Pre-training & fine-tuning
- Pre-training. Train on a massive unlabeled corpus with a self-supervised objective:
- Causal (autoregressive) — predict the next token. Used by GPT-family models.
- Masked language modeling (MLM) — mask 15% of tokens and predict them. Used by BERT-family models.
- Fine-tuning. Take a pre-trained model and continue training on a small labeled dataset for the target task (classification, QA, sentiment).
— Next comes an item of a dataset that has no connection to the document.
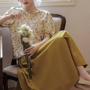 新作 シフォンフルーティーブラウス トップス 半袖 シャツ フルーツ柄 ボタニカル きれいめ プリント シャツ 春夏秋 デート お出かけ お呼ばれ レディース 体型カバー ラウンドネック 着回し 大人可愛い かわいい フェミニン きれいめ エレガント 20代 30代 40代

- Parameter-efficient fine-tuning (PEFT). LoRA, adapters — freeze the base model and train only a small set of additional parameters. Cheap, fast, almost as good.
- Prompting. For sufficiently large models, the task is described in natural language and no weights change at all (zero-shot / few-shot in context).
NLP applications
- Text classification. Sentence in → encoder → pool → linear head → label.
- Named entity recognition (NER). Token-level classification.
- Question answering. Predict start & end token positions of the answer in a context.
- Summarization & translation. Encoder-decoder transformer.
- Generation. Decoder-only autoregressive sampling.
Computer vision
- CNNs — convolutional backbones (ResNet, EfficientNet). Still dominant for small data and edge deployment.
- Vision Transformers (ViT) — chop the image into 16×16 patches, treat each patch as a token, run a standard transformer. Beats CNNs at large data scale.
- Object detection — predict bounding boxes + class labels. Two-stage (Faster R-CNN) vs. single-stage (YOLO, SSD, DETR).
- Segmentation — per-pixel labels. U-Net, Mask R-CNN.
- Generative models — autoencoders (compress and reconstruct), VAEs (probabilistic), GANs (adversarial), diffusion models (iteratively denoise from noise).
Common pitfalls
- Forgetting positional information. Without positions, the transformer treats input as a bag of tokens.
- Wrong attention mask. For causal models you need a strictly lower-triangular mask; for padded batches you need to mask out padding tokens.
- Numerical instability in softmax. Always divide by √dₖ before softmax to avoid saturation.
- Memory blows up. Attention is O(n²) in sequence length. Long sequences need tricks (sparse attention, sliding window, FlashAttention).
- Overfitting on small fine-tuning datasets. Use small learning rate, low number of epochs, and a warmup schedule.